South Korean director Kim Ki-duk’s drama “Pieta,” the brutal story of a debt collector who cripples those who can’t pay until he meets a woman who claims to be his mother, won the Golden Lion for best film at the 69th Venice Film Festival on Saturday.
In a departure from the usual acceptance speeches, Kim thanked the jury and festival audience with a short song in Korean, leaving the theater in rapt silence.
The Silver Lion for best director went to Paul Thomas Anderson for “The Master,” a film inspired by Scientology founder L. Ron Hubbard. The movie’s stars, Joaquin Phoenix and Philip Seymour Hoffman, shared the prize for best actor.
In the film, Hoffman plays a charismatic sect leader who both befriends and enthralls a World War II veteran, played by Phoenix, who is drowning in homemade swill and unable to find a job or a life purpose.
Hoffman accepted both awards on behalf of both Anderson and Phoenix, who had continued from Venice on to Toronto to promote the film. Hoffman apologized for being ruffled, saying he had just landed at the airport and had changed into his suit in a restroom.
“So don’t judge,” he jested.
Hoffman praised Phoenix as a “life force” and called Anderson “one of my closest friends.”
“Friend first, collaborator second. And he happens to be one of the great filmmakers in the world. How lucky am I?” said Hoffman, who has appeared in five of Anderson’s films.
The best actress award went to Israeli actress Hadas Yaron for her role in Rama Burshtein’s “Fill the Void.”
The movie, set in Tel Aviv’s Hasidic community, tells the story of 18-year-old Shira, played by Yaron, who faces the choice of whether or not to marry the widower of her beloved sister after her death in childbirth.
“Paradise: Faith,” by Austrian filmmaker Ulrich Seidl, took the special jury prize. The film, the second part in Seidl’s trilogy about three women from the same family on different quests, stars Maria Hofstaetter as a single woman who dedicates her vacation to missionary work.
The movie caused a stir in the Italian media for a scene in which Hofstaetter’s character simulates sex with a crucifix — a point that the director addressed briefly while accepting the award.
“I am not blasphemous,” Seidl told the audience.
“Pieta” follows a young debt collector he goes about his business maiming debtors until his ruthless course is interrupted by a stranger who claims to be his mother. His acceptance of his mother weakens his resolve to brutally collect the debts, leaving him vulnerable to revenge.
South Korea’s Yonhap news agency called “Pieta” “a bruising but wisely woven drama (that) plainly shows how money can destroy humanity and create hellish interpersonal relationships.”
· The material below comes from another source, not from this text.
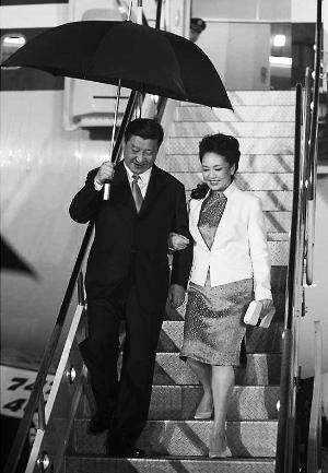 習(xí)近平和夫人彭麗媛走下舷梯。

“Pieta” is the Italian word for pity, but also applies to the artistic image in sculpture or painting of the Virgin Mary cradling the dead body of Jesus, evoking a mother’s love for her son. Yonhap said the title “gives the false impression that the film is about trying to find meaning in life through religion.”
Other prizes were:
Best emerging actor or actress: Italian actor Fabrizio Falco for roles in two competition films, Daniele Cipri’s “It was the Son,” and Marco Bellocchio’s “Dormant Beauty.”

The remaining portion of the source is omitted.